IV. Performance Modeling & Profiling

Queueing & service: use λ (arrival) and μ (service) to estimate ρ = ( λ / μ ); as ρ→1, latency grows exponentially—scale or throttle early.
Load testing & saturation: step-ramp (ramp), capture QPS–latency curves and p99 trends; identify bottlenecks (CPU/IO/network/locks/GC) via saturation criteria.
Hotspot localization: flamegraphs/traces + logs; inspect in order: CPU → memory → IO → network; prioritize serialization, shuffle, and RPC optimizations.
Batch/micro-batch tuning: balance throughput–latency via batch_size and window_ms; ensure DQ gates and SLAs remain intact.

V. Scaling Strategies & Elasticity

Horizontal (H): shard by shard_key; choose consistent-hash|range to reduce rebalancing cost; protect hot-keys and fix skew.
Vertical (V): select higher sku_ref (CPU/Mem/GPU/IOPS); assess marginal gains and avoid NUMA pitfalls.
Hybrid: choose H→V or V→H under SLA and budget constraints as a multi-objective optimization.
Autoscaling: trigger on metric (qps/latency_ms.p95/cpu) toward target; set min/max_replicas and cooldown_s for damping.

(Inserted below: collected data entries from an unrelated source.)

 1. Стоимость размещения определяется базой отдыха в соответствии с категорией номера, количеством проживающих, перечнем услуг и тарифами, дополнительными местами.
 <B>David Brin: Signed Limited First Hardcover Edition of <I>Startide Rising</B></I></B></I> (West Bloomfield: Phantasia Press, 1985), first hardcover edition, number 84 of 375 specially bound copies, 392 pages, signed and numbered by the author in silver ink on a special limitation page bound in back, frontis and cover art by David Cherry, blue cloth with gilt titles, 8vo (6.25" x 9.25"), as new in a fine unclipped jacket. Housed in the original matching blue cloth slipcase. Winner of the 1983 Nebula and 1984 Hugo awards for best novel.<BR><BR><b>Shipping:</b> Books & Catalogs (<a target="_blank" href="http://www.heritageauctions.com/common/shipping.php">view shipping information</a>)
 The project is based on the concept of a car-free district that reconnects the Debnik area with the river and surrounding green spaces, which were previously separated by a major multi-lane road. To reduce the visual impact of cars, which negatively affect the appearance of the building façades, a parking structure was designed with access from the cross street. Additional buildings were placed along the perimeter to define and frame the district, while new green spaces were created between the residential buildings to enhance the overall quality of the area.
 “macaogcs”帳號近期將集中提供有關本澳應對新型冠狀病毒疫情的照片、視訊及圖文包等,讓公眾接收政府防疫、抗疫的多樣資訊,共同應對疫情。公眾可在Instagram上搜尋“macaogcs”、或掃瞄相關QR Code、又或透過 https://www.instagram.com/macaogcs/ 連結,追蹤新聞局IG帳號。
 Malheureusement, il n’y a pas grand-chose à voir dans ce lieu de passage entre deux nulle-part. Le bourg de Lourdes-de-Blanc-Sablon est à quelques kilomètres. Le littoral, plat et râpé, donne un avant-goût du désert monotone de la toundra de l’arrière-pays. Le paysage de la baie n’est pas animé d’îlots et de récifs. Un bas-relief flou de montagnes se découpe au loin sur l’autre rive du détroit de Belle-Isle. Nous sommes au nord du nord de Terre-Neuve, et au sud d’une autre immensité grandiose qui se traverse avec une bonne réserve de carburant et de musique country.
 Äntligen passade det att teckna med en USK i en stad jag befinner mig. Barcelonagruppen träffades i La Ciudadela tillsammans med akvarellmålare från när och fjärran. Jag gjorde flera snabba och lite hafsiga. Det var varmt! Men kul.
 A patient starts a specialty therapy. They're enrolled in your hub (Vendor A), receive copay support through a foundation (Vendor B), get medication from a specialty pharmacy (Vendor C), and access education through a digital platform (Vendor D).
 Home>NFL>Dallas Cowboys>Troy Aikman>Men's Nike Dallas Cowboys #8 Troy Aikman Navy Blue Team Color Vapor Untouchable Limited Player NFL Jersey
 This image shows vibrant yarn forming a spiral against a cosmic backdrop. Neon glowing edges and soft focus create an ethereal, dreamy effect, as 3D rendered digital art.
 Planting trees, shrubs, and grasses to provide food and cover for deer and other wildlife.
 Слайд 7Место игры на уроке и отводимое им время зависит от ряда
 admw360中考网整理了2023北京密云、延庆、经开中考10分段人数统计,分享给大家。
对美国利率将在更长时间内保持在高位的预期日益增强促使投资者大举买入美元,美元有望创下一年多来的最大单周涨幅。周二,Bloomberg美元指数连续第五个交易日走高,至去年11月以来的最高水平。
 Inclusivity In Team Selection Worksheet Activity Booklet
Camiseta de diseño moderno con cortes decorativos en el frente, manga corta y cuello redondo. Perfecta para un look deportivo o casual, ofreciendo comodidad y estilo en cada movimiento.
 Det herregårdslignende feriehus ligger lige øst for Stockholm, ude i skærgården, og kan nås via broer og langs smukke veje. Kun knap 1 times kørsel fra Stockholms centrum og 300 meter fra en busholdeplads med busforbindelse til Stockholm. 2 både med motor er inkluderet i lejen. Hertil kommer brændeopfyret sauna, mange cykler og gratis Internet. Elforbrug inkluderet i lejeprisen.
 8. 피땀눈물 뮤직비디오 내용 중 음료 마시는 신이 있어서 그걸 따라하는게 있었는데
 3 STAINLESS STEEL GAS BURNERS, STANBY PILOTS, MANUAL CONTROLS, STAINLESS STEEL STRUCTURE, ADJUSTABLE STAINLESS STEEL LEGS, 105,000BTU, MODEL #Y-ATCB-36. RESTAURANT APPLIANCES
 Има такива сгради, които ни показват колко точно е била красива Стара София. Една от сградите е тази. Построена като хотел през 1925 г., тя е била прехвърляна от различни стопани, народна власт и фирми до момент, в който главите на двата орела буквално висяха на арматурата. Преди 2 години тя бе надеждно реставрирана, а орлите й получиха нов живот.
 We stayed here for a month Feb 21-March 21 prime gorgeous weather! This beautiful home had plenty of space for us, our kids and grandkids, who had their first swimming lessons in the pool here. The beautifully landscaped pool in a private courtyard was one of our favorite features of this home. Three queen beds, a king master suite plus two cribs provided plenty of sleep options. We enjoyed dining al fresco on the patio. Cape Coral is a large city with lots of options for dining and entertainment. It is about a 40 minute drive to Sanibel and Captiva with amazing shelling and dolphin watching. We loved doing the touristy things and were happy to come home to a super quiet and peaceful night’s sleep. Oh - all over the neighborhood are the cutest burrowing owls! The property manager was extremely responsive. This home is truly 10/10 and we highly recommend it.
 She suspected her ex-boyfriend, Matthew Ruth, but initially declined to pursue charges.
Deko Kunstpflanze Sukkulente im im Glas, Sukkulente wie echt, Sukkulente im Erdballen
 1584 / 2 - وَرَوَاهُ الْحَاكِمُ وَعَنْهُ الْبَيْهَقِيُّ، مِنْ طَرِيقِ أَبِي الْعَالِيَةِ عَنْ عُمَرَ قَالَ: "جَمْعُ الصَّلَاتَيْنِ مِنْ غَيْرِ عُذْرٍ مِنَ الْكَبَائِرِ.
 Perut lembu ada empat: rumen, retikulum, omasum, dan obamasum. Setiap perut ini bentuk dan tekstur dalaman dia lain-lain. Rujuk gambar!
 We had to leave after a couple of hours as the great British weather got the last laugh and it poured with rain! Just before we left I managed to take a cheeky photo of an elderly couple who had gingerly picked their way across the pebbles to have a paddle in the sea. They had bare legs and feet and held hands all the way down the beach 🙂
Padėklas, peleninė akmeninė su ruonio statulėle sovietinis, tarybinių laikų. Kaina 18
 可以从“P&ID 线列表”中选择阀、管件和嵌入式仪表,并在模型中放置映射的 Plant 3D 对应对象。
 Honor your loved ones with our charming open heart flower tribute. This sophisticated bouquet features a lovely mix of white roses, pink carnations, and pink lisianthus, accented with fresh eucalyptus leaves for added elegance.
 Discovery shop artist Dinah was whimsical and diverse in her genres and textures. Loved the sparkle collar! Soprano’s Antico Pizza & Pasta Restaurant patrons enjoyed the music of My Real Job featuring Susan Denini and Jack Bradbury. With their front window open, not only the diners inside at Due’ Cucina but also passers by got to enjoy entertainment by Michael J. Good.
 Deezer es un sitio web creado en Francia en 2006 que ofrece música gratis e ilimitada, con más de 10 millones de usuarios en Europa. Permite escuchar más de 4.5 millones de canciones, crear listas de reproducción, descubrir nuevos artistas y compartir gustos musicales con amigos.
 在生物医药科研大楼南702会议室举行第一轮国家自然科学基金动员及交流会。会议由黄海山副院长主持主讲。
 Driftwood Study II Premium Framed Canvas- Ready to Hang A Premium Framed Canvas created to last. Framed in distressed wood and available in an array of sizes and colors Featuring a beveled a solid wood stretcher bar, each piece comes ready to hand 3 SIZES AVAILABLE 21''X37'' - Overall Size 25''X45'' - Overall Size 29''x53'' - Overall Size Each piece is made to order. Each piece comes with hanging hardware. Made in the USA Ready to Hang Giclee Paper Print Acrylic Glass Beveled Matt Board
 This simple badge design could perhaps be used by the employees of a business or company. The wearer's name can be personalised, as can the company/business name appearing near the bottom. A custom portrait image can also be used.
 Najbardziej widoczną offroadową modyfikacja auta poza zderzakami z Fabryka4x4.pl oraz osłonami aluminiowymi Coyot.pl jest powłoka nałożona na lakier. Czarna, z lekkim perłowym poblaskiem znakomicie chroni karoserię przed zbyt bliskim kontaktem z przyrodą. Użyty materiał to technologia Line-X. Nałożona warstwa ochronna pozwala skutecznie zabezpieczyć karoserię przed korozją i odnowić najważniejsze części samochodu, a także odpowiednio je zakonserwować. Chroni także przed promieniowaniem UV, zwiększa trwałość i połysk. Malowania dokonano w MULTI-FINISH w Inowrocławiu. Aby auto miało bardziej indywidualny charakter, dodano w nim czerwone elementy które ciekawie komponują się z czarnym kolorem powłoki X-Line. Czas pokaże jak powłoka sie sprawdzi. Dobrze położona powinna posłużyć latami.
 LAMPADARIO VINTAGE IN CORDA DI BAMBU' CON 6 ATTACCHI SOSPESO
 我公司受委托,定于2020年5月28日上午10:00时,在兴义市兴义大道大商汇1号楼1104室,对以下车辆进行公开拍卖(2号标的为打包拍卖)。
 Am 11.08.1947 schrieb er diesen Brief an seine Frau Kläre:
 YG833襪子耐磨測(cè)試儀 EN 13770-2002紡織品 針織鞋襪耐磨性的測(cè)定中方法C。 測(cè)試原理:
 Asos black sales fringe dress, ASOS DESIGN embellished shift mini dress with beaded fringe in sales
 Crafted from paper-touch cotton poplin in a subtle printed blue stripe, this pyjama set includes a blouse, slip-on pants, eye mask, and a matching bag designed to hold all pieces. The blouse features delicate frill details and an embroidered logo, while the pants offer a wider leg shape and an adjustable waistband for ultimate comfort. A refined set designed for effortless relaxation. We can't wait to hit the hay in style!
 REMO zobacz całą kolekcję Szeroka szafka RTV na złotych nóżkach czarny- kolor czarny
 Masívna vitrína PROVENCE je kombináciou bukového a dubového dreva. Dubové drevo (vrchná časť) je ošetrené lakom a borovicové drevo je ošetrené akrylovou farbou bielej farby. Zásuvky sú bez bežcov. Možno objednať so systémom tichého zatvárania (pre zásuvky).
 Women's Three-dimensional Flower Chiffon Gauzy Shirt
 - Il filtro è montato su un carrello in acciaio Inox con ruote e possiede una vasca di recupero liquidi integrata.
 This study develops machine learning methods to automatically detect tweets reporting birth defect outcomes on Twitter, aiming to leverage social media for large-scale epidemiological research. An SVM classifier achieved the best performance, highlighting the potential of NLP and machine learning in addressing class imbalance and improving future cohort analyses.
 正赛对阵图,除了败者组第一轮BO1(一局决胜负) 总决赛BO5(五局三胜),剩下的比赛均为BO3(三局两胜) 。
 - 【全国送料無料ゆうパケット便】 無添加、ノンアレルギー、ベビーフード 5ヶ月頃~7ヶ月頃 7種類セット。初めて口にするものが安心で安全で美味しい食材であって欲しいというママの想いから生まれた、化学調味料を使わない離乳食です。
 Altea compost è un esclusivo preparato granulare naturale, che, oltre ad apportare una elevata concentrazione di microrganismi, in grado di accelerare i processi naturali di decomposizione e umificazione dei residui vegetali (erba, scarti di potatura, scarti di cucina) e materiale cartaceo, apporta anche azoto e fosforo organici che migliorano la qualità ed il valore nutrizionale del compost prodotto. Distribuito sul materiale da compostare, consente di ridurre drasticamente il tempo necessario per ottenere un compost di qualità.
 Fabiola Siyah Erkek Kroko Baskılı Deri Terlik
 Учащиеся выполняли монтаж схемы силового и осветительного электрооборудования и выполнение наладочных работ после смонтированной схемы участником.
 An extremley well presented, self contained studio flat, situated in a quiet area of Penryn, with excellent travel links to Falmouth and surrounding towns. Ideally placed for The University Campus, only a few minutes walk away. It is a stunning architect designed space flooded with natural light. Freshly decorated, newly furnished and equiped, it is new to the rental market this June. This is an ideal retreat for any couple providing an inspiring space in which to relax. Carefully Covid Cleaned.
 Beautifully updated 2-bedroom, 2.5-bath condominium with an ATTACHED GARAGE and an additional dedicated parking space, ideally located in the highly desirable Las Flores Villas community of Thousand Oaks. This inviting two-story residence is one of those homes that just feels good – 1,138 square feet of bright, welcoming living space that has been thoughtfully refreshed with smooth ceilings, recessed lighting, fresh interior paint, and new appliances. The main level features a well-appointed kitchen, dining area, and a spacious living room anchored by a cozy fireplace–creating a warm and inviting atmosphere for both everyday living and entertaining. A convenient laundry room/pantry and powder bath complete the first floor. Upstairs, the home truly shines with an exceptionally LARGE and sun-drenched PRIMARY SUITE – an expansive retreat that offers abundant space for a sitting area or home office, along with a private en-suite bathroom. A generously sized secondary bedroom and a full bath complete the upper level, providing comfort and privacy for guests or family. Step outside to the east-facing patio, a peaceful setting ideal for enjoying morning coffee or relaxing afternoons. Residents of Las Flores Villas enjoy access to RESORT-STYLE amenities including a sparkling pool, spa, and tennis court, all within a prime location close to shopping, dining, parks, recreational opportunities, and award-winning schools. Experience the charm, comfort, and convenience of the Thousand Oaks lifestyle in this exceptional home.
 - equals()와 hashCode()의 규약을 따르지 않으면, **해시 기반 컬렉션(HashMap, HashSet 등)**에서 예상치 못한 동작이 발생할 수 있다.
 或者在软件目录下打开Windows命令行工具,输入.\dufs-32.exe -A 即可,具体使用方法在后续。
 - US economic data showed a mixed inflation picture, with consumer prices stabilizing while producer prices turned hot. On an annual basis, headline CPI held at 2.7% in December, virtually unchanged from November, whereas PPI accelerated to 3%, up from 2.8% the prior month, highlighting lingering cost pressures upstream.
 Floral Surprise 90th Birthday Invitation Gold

VI. Cost Metrology & Budget

Cost model: itemize compute/storage/egress/observability; mix on-demand/spot with recorded discounts and interruption policies.
Budget enforcement: alert at warn (80%); at block (100%) enforce throttle/no-scale/degrade policies.
Cost-effectiveness: publish usd_per_kqps, usd_per_mrow unit-cost KPIs for decision support.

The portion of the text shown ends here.